EXERCISE DESCRIPTION
Set down again exactly the lines of the listing below that fall between the line holding "With weights averaging" and the line holding "図書で借りてきた本や学級文庫の本を読んでいます。", inclusive.

INPUT RECORDS
********

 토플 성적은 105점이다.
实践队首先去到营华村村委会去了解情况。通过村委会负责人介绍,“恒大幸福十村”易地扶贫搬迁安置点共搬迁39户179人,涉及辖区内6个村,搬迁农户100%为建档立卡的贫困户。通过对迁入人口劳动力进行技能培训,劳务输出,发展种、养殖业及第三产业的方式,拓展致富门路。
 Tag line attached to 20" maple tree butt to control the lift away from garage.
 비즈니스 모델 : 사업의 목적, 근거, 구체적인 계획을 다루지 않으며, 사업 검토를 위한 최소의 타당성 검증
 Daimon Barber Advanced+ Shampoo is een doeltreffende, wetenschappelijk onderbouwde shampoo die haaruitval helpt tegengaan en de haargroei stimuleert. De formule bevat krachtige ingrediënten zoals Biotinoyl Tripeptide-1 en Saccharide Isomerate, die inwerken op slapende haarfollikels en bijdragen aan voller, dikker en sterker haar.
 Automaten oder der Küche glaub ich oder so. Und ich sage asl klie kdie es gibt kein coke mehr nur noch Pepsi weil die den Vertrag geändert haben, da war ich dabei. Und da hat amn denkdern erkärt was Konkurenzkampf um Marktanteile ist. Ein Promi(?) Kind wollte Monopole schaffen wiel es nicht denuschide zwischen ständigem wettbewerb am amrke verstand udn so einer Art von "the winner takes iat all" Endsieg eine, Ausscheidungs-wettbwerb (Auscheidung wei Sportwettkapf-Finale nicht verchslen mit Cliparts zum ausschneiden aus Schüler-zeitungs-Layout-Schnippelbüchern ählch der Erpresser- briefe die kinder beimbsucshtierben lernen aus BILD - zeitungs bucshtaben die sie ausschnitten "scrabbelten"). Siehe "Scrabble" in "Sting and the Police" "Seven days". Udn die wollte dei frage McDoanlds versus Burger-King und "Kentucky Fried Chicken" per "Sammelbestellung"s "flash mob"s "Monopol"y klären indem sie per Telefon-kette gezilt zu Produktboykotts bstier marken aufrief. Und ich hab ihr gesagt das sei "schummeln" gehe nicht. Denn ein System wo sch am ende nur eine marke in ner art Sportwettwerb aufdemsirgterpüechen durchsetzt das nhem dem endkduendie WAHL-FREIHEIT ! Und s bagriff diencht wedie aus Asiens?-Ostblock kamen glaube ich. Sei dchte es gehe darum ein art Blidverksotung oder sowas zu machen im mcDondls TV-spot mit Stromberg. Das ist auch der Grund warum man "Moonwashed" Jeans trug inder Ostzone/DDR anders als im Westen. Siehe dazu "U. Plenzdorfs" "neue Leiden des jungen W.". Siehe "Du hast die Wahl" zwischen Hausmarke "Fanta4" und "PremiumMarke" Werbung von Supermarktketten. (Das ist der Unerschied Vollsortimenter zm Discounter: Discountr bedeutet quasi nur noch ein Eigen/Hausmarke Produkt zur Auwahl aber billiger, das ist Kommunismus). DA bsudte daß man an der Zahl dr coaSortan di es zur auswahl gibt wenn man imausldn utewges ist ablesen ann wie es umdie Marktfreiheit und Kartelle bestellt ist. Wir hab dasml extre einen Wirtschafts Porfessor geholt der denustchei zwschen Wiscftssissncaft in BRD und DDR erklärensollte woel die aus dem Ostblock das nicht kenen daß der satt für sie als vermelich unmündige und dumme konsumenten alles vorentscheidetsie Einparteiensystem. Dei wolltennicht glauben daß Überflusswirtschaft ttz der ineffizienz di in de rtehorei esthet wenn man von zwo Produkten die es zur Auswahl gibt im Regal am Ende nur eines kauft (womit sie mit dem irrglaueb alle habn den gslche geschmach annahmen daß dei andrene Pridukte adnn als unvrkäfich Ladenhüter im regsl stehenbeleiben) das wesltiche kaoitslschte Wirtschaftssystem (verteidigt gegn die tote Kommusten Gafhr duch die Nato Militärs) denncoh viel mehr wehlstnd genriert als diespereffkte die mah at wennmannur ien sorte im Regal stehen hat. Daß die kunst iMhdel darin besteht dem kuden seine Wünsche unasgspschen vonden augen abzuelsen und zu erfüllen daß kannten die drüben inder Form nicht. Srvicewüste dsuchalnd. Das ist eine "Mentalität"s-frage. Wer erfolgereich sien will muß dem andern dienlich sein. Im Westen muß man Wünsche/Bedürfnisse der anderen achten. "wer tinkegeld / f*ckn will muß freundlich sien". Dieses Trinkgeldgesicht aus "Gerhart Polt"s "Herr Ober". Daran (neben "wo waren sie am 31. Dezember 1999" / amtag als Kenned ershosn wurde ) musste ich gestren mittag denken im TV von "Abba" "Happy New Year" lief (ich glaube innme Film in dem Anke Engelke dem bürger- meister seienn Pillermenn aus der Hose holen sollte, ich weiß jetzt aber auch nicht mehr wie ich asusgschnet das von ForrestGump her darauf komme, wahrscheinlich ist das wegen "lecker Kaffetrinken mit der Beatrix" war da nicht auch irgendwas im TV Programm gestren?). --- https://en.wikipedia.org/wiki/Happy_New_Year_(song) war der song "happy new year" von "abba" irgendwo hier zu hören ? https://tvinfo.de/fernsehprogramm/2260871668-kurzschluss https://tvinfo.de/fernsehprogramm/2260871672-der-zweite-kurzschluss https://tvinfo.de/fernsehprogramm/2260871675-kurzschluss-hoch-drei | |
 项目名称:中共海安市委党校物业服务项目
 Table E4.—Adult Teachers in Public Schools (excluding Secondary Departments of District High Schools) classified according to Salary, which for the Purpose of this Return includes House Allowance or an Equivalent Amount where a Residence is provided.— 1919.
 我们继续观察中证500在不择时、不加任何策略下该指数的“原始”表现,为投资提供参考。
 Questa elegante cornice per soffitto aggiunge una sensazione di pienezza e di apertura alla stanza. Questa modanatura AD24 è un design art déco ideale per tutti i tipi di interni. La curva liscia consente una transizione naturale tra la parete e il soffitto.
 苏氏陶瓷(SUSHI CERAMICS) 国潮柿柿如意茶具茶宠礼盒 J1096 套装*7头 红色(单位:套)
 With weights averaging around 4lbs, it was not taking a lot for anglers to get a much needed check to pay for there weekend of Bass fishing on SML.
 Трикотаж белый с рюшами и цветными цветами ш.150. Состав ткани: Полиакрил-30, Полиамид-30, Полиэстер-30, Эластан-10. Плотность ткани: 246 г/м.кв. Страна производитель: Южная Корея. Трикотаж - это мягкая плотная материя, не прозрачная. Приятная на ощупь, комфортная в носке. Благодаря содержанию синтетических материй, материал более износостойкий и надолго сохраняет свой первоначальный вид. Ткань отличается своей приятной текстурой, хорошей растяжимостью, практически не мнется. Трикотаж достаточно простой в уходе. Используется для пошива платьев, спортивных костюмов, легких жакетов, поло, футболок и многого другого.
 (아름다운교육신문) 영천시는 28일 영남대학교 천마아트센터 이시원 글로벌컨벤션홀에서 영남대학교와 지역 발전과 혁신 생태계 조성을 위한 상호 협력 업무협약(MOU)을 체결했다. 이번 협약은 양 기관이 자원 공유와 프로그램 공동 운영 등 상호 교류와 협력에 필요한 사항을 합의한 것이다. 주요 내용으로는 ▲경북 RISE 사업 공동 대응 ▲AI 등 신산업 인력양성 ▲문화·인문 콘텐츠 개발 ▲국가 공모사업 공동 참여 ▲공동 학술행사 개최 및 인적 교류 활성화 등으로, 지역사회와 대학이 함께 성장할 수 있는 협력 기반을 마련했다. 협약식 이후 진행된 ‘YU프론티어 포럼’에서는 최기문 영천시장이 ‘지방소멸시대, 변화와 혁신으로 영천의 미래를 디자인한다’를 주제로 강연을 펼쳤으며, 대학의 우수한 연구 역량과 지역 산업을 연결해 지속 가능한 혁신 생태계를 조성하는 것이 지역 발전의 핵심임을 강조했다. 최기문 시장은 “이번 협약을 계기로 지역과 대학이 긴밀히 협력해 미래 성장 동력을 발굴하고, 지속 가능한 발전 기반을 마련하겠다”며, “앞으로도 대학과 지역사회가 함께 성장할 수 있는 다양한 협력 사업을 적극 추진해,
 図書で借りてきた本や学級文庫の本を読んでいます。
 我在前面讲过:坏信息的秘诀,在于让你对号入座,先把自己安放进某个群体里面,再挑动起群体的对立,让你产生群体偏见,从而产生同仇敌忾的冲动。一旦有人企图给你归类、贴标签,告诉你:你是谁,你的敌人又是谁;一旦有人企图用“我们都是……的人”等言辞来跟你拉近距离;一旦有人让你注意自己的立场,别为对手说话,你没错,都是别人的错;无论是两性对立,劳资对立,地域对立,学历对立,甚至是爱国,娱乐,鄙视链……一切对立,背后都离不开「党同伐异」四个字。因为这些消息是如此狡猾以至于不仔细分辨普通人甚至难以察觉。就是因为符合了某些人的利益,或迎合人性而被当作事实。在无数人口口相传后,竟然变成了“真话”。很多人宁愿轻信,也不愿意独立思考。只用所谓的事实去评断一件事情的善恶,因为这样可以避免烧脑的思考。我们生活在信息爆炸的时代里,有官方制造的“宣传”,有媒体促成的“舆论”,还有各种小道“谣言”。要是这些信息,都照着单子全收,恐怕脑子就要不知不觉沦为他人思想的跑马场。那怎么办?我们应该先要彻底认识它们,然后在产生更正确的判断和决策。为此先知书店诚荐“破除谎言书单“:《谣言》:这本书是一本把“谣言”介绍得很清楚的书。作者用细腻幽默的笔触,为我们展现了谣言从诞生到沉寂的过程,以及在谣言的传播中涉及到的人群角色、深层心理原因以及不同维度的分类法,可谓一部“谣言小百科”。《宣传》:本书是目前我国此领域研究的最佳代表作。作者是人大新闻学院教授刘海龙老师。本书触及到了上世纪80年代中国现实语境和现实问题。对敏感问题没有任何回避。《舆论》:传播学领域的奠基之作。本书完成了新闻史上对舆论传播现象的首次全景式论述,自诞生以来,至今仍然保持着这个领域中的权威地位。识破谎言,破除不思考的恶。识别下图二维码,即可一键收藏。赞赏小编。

********

RESPONSE
 With weights averaging around 4lbs, it was not taking a lot for anglers to get a much needed check to pay for there weekend of Bass fishing on SML.
 Трикотаж белый с рюшами и цветными цветами ш.150. Состав ткани: Полиакрил-30, Полиамид-30, Полиэстер-30, Эластан-10. Плотность ткани: 246 г/м.кв. Страна производитель: Южная Корея. Трикотаж - это мягкая плотная материя, не прозрачная. Приятная на ощупь, комфортная в носке. Благодаря содержанию синтетических материй, материал более износостойкий и надолго сохраняет свой первоначальный вид. Ткань отличается своей приятной текстурой, хорошей растяжимостью, практически не мнется. Трикотаж достаточно простой в уходе. Используется для пошива платьев, спортивных костюмов, легких жакетов, поло, футболок и многого другого.
 (아름다운교육신문) 영천시는 28일 영남대학교 천마아트센터 이시원 글로벌컨벤션홀에서 영남대학교와 지역 발전과 혁신 생태계 조성을 위한 상호 협력 업무협약(MOU)을 체결했다. 이번 협약은 양 기관이 자원 공유와 프로그램 공동 운영 등 상호 교류와 협력에 필요한 사항을 합의한 것이다. 주요 내용으로는 ▲경북 RISE 사업 공동 대응 ▲AI 등 신산업 인력양성 ▲문화·인문 콘텐츠 개발 ▲국가 공모사업 공동 참여 ▲공동 학술행사 개최 및 인적 교류 활성화 등으로, 지역사회와 대학이 함께 성장할 수 있는 협력 기반을 마련했다. 협약식 이후 진행된 ‘YU프론티어 포럼’에서는 최기문 영천시장이 ‘지방소멸시대, 변화와 혁신으로 영천의 미래를 디자인한다’를 주제로 강연을 펼쳤으며, 대학의 우수한 연구 역량과 지역 산업을 연결해 지속 가능한 혁신 생태계를 조성하는 것이 지역 발전의 핵심임을 강조했다. 최기문 시장은 “이번 협약을 계기로 지역과 대학이 긴밀히 협력해 미래 성장 동력을 발굴하고, 지속 가능한 발전 기반을 마련하겠다”며, “앞으로도 대학과 지역사회가 함께 성장할 수 있는 다양한 협력 사업을 적극 추진해,
 図書で借りてきた本や学級文庫の本を読んでいます。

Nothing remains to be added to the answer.